The song "Luciano Serra Pilota", which was included on the A-side of the Righeira album, was not released as a single but still achieved good success in Italy. When Righi wrote the song, he drew inspiration from the Italian war drama film Luciano Serra, Pilot, released in 1938 starring Amedeo Nazzari as Luciano Serra in the leading role. In the animated music video, Righi and Rota are seen dancing and singing, while they stand and sit on a biplane, dressed in pilot uniforms. The music video has been described by German Rolling Stone writer Eric Pfeil as a "parody of fascist heroes".

Festivalbar 
The song "L'estate sta finendo" was released in May 1985 and quickly reached the charts. The single ended up at number 1 in Italy and stayed there for two weeks. 
In recent years, the song has become popular in the football world as a reworked football chant and has been played in several clubs throughout the world, including Liverpool F.C. where it is known as "Allez Allez Allez". With the same song, Righeira participated in the Un disco per l'estate summer festival and also managed to win the Festivalbar singing competition the same year. The song, despite its title that the summer is ending, was released when the summer period was about to begin. After the Festivalbar victory, the song became even more popular and finally managed to become the most played song on jukebox during the summer of 1985 in Italy. "L'estate sta finendo" was co-written by Righi, Rota and Carmelo La Bionda, although Righi came up with the song himself, while "Crossing the bridge over the Dora aboard tram number 3".

In 1985, Rota starred in the Italian television variety show Drive In, which aired on the Italia 1 channel, where he performed a sketch together with actor and comedian Enrico Beruschi.

1986–1988: Further success

Sanremo Music Festival 
The duo made an appearance at the 36th anniversary of the Sanremo Music Festival in 1986 with the song "Innamoratissimo". The song was quickly noticed by critics, and made them finish in fifteenth place out of twenty-two participating contestants after the final voting.

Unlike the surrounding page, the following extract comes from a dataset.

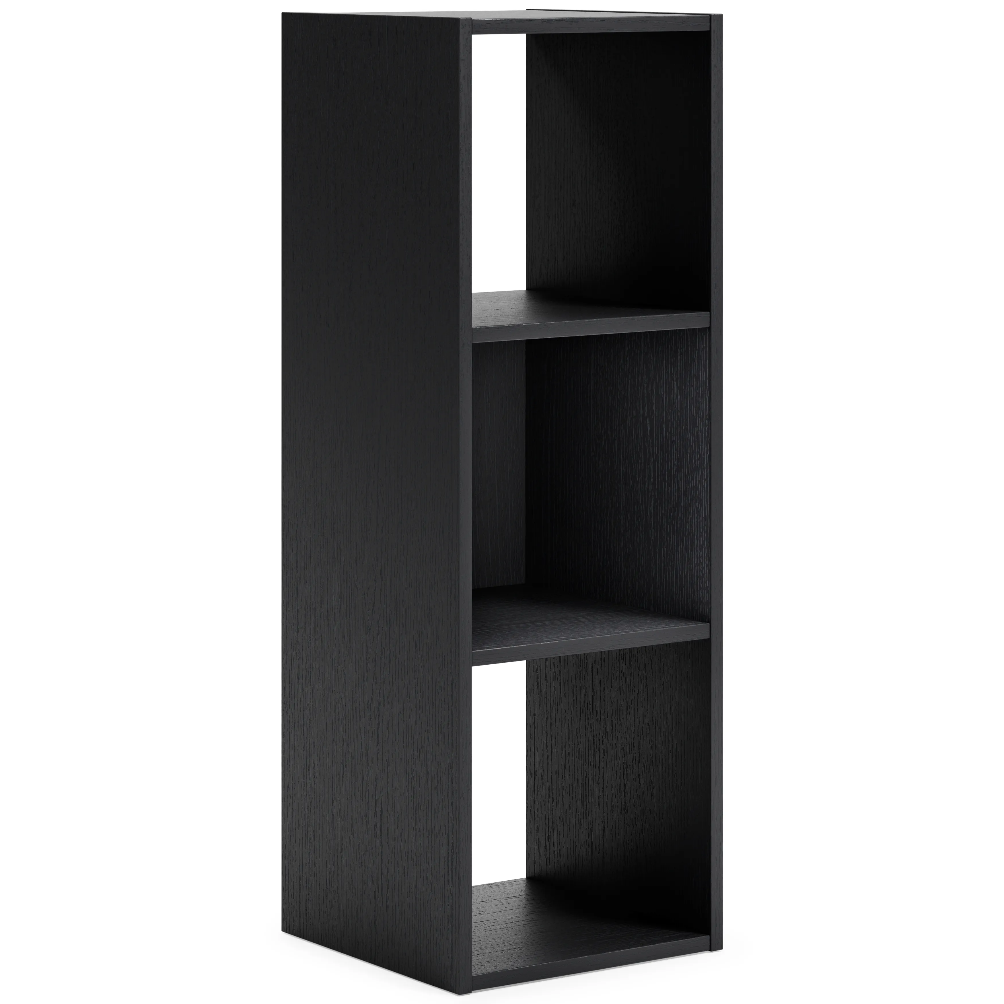 Keep clutter out from underfoot with this three-cube organizer. It's sleekly stylish with a matte black finish and subtle replicated wood grain, all while keeping your books, knickknacks and other items stored away. The perfect marriage of flair and function, this organizer is an ideal addition to any busy living space.
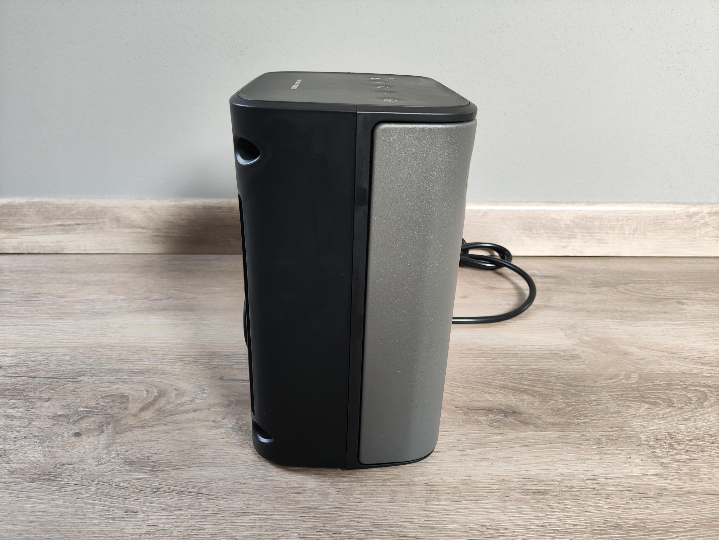 Das Thermostat des Dreo Heizlüfters arbeitet vergleichsweise genau. Um eine Raumtemperatur von 20°C zu erreichen, mussten wir die Einstellung auf rund 22°C anheben. Alle Einstellungen lassen sich zudem über die Fernbedienung steuern. Der integrierte Tragegriff auf der Rückseite ermöglicht es, den Heizlüfter auch im laufenden Betrieb umzusetzen. Ein besonderes Highlight dieses Heizlüfters ist die Lautstärke. Je nach Leistungsstufe (1.500/1.400/1.050W) werden lediglich 50/47/45dB(A) in einem Abstand von einem Meter erreicht. Zudem ist das Lüftergeräusch sehr angenehm und erinnert an das Rauschen einer Dusche.

Apart from the duo's lack of knowledge in stage performances and their participation in the first live version of the Sanremo festival, they were praised and met with positive criticism from the critics after their performance. This song was also centered on electronic arrangements that continued the musical discourse undertaken by their producers and arrangers, La Bionda, who had already marked musical trends with disco music in the previous decade. Righi later described their performance at Sanremo as a "turning point" in their career.

Bambini Forever 
Righeira's second studio LP, Bambini Forever, was released on 23 June 1986 and became their last album to be produced by La Bionda. According to Carmelo La Bionda, they "wanted to record another album, but we decided to quit the adventure because we thought that the two singers had in mind to produce themselves". He recalled that it was a mistake "that they didn't continue to work with us. Righeira moved from Milan to a city not far from Venice and started recording with new programmers and tried to be their own producers."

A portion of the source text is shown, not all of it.